Also, 1729 (47.5%) and 618 (17.0%) of the 3641 respondents shared that they had a moderate and low level of trust in the country’s healthcare system of Bangladesh, respectively. An increasing trend of vaccine acceptance appeared with the growing confidence in the country’s healthcare system. Furthermore, compliance with the government rules during this pandemic situation was low among the respondents. 1972 (54.1%) of the 3643 respondents reported low compliance with the health safety rules, whereas 612 (16.8%) reported high compliance with the health safety rules for controlling the pandemic. It appears that the proportions of vaccine acceptance by levels of self-reported compliance with healthcare rules were approximately similar.

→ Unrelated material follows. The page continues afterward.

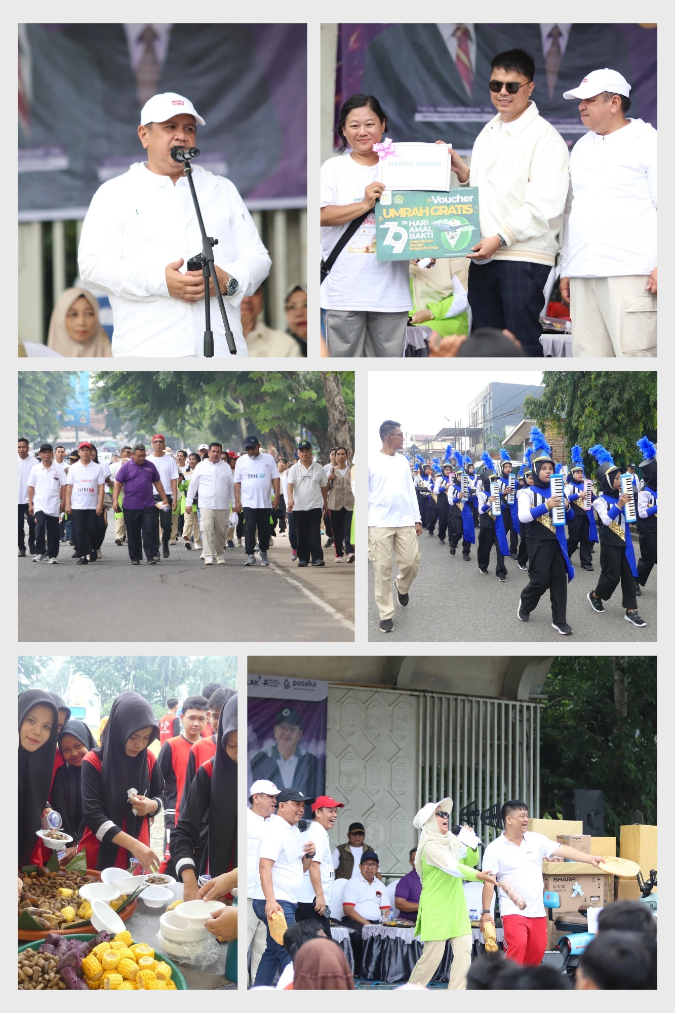Para peserta yang telah sampai di Kantor Walikota Jambi pun dipersilakan menikmati makanan rebus gratis, seperti kacang, jagung, dan ubi jalar sembari menikmati acara di depan panggung. Tampak beragam kotak-kotak hadiah menarik di atas panggung, yang berisi TV, HP, kulkas, dispenser, mesin cuci, blender, magic com, kipas angin, karpet, dan peralatan dapur. Hanya sepeda goes, sepeda listrik, voucher makan di hotel ternama, voucher belanja di mall terkemuka, dan hadiah utama paket perjalanan umroh gratis yang terpampang nyata.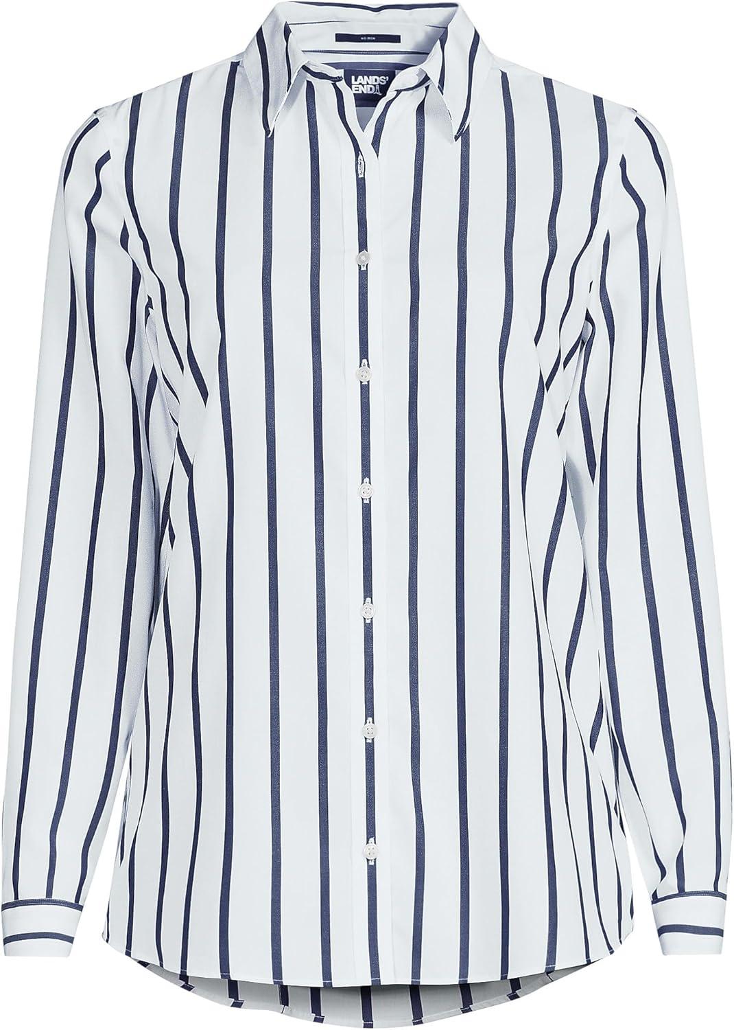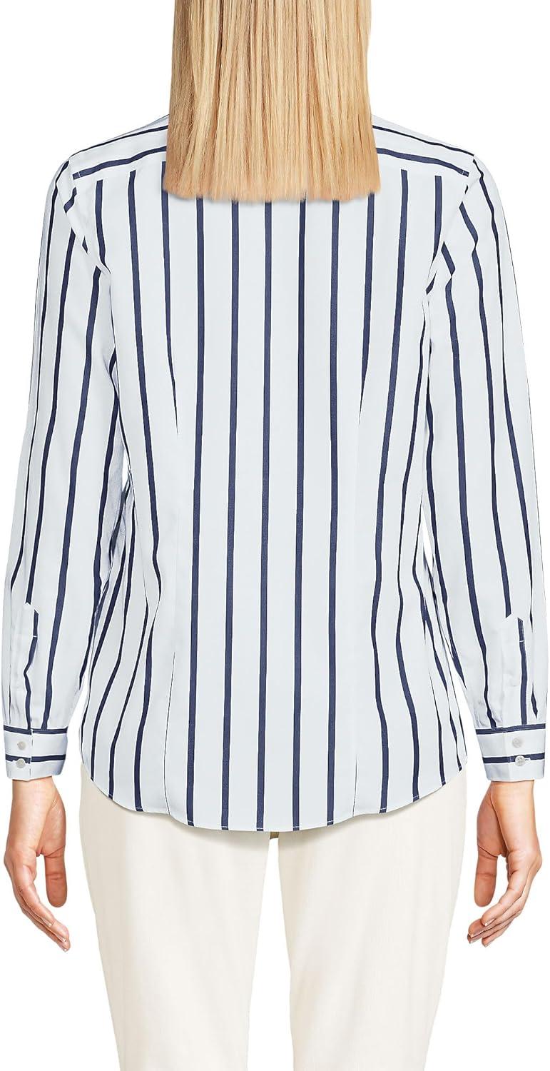 Lands’ End Women’s Pinwale Cord Long Sleeve Shirt(White/Navy Classic Stripe)

Prevalence of vaccine acceptance by self-reported chronic conditions and infection with SARS-CoV-2
The prevalences of vaccine acceptance by COVID-19 infection and self-reported chronic conditions are given in Table 2. The table shows that 1171 (32.1%) of the 3643 respondents had any chronic diseases (diabetes, hypertension, CKD, CRD, CHD, or cancer). The respondents who reported chronic diseases showed a lower proportion of vaccine acceptance than those who did not have any chronic conditions. The proportion of vaccine acceptance was 68.7% who reported any of the chronic diseases, while the proportion was 77.4% for respondents without any chronic. The proportion of vaccine unwillingness was also higher for respondents with chronic diseases than respondents without chronic diseases. While stratified by diseases, the highest prevalence of acceptance was found among hypertensive patients (69.8%). The proportion of vaccine unwillingness was high in respondents with CKD (15.6%) and respondents with CRD (14.3%). Both high-hesitancy and high-unwillingness about vaccination were found in the respondents who reported COVID-19 infection.
Table 2. Distribution of vaccine acceptance, hesitancy, and unwillingness by COVID-19 infection and self-reported chronic conditions.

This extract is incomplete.